Poodle is a set of tools for the prediction of the secondary structures. The different programs uses different machine learning approaches.
|Author||Hirose S, Shimizu K, Kanai S, Kuroda Y, Noguchi T.|
|ML Method||two levels of SVMs|
Poodle-L is specialized on the prediction of long disordered regions (> 40 residues). It uses two SVMs. Each amino acid is represented by ten different physikochemical properties (10 dimensions). The first SVM predicts the probability of a 40-residue segment to be disordered. This output is used by the second SVM to predict predict the probability of a single residue to be disordered.
|Author||Shimizu K, Hirose S, Noguchi T.|
Poodle-S is specialized on the prediction of short disordered regions. This method defines seven regions on a protein.
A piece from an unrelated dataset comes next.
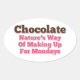 Le chocolat, la façon naturelle de rattraper le lundi. Un bonbon au chocolat mignon, drôle et humoristique qui dit design de citation en caractères rose et marron.

Depending of the physikochemical compositions and a PSI-Blast profile a SVM decides for one of the seven regions if it contains disorder.
The idea behind this is, that it is important where disorder happens and depending on the place the contribution to disorder of physikochemical features varies.
|Author||Shimizu K, Muraoka Y, Hirose S, Tomii K, Noguchi T.|
Poodle-W predicts which proteins are intrinsically disordered. It uses a method called Spectral Graph Transducer, which is a classification algorithm (see "Transductive learning via spectral graph partitioning" by Dr. Joachims and Poodle-W).
|Author||Hirose S, Shimizu K, Inoue N, Kanai S, Noguchi T.|
|Reference||CASP 8 Proceedings|
Poodle-I seems to predict the disorder of a protein by combining different tools in a workflow.